CHARLES MANSON’S BODY, OR, HOW I ENDED UP PAYING FOR THE NOTORIOUS CULT LEADER'S FUNERAL

"Did a man like this deserve a funeral?"
APRIL 20, 2023 BY MAGGIE MILSTEIN

When I was 29 years old, I pushed Charles Manson’s corpse into an incinerator.

There’s something mean about cremation, to make a body completely useless. “Ashes to ashes” is just a metaphor for the quantum universe, not a recipe. We aren’t really made of stardust.

Manson once said, “Sanity is a small box; insanity is everything.” Maybe funneling his ashes into a little carton would somehow restore sanity to the world.

*

He died in November, the month of gratitude.

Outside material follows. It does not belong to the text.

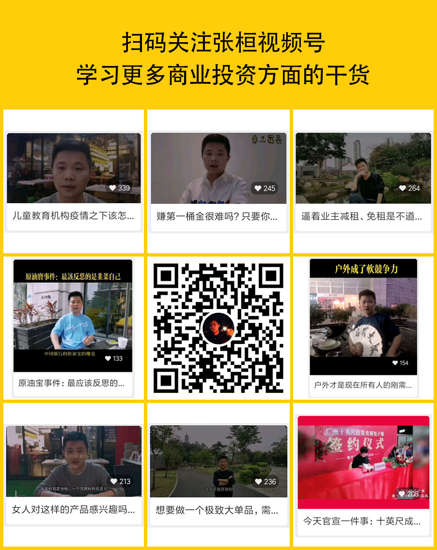 2020,我开通了“视频号”,在视频号里面我会和大家分享一些商业投资方面的心得和感悟,包括分享平时吃喝玩乐这些有趣的事情。可以长按下方二维码关注我的视频号,非常开心和大家见面!

In 2017, Charles Milles Manson, or “Charlie,” expired in Bakersfield’s Mercy Hospital after eighty-three years on Earth. He had been transferred there from the California state prison in Corcoran, where he had been incarcerated since 1989. There are conflicting accounts of what exactly killed him, but it’s fair to say that an octogenarian Charles Manson was about as healthy as one might imagine. His death certificate names acute cardiac arrest, respiratory failure, and metastatic colon cancer as his pale horses, but he had lived with a litany of afflictions since he first shuffled into Corcoran. He lived in the Protective Housing Unit, or P.H.U., a ward for prisoners who, because of their colorful histories, couldn’t survive in the general prison population.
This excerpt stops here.